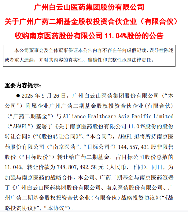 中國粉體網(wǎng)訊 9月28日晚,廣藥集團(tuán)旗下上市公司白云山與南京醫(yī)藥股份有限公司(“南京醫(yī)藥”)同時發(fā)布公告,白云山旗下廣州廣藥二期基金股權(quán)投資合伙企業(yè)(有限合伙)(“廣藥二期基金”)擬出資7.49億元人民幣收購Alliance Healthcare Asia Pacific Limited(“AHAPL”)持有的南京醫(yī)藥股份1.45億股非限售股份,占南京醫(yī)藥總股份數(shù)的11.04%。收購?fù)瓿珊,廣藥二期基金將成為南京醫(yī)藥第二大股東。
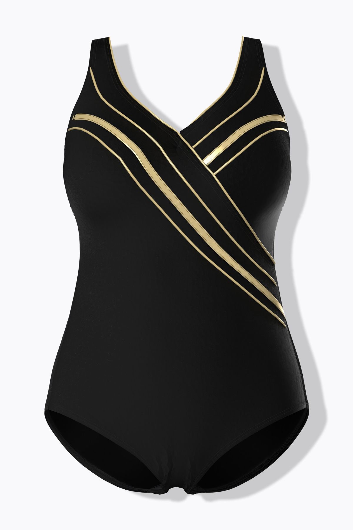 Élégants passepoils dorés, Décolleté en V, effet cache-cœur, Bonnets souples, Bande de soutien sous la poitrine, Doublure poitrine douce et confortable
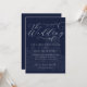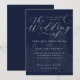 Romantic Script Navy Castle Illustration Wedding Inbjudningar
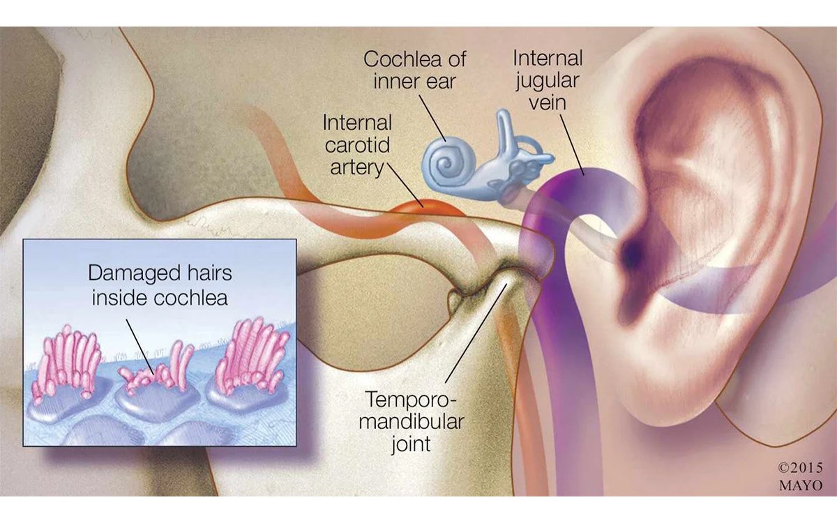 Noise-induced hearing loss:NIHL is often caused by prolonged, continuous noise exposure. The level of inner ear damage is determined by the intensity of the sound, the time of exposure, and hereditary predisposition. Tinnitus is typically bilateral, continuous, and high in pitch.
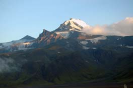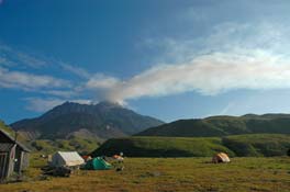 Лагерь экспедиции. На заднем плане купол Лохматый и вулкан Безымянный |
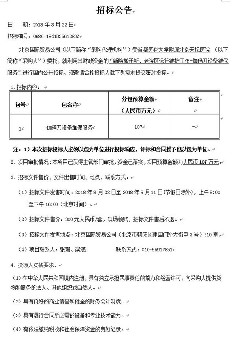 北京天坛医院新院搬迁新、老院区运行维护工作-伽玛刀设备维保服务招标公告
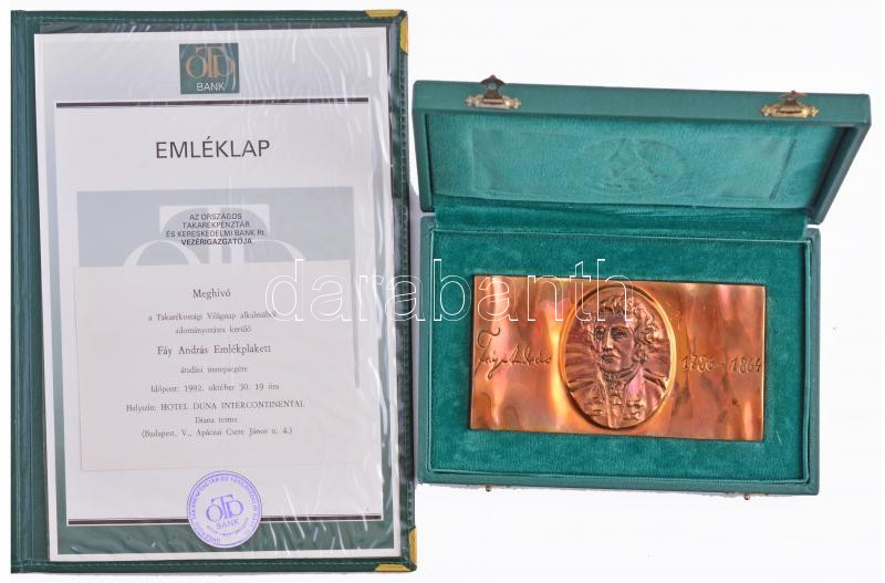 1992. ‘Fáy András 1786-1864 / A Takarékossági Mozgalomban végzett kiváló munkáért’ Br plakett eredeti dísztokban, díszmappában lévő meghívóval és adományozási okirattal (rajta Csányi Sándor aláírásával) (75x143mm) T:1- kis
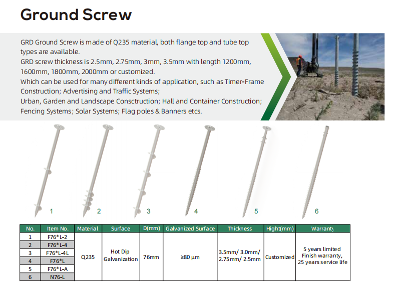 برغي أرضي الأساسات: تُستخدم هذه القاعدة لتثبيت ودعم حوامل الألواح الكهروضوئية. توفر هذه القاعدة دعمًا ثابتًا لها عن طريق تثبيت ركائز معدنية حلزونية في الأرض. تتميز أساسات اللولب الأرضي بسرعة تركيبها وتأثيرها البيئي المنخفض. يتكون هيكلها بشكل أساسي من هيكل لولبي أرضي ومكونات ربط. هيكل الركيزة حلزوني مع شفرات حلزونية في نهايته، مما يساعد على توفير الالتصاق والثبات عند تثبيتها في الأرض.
# # # #
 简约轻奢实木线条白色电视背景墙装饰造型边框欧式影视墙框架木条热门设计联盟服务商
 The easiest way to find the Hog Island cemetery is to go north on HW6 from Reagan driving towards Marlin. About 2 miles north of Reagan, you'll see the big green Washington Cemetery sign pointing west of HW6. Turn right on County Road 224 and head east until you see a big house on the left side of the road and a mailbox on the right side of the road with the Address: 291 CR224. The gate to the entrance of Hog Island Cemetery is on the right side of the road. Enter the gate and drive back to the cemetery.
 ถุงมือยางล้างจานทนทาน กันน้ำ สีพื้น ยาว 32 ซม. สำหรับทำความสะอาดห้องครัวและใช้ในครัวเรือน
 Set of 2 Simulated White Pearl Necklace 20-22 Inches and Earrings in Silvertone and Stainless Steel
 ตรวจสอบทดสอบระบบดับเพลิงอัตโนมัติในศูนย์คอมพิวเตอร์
# # # #
**TASK ITEM**
Find "Set of 2 Simulated" in the entries above and copy that whole line exactly, then each line after it through the line that contains "ตรวจสอบทดสอบระ".

**SOLUTION TO THIS EXERCISE**
 Set of 2 Simulated White Pearl Necklace 20-22 Inches and Earrings in Silvertone and Stainless Steel
 ตรวจสอบทดสอบระบบดับเพลิงอัตโนมัติในศูนย์คอมพิวเตอร์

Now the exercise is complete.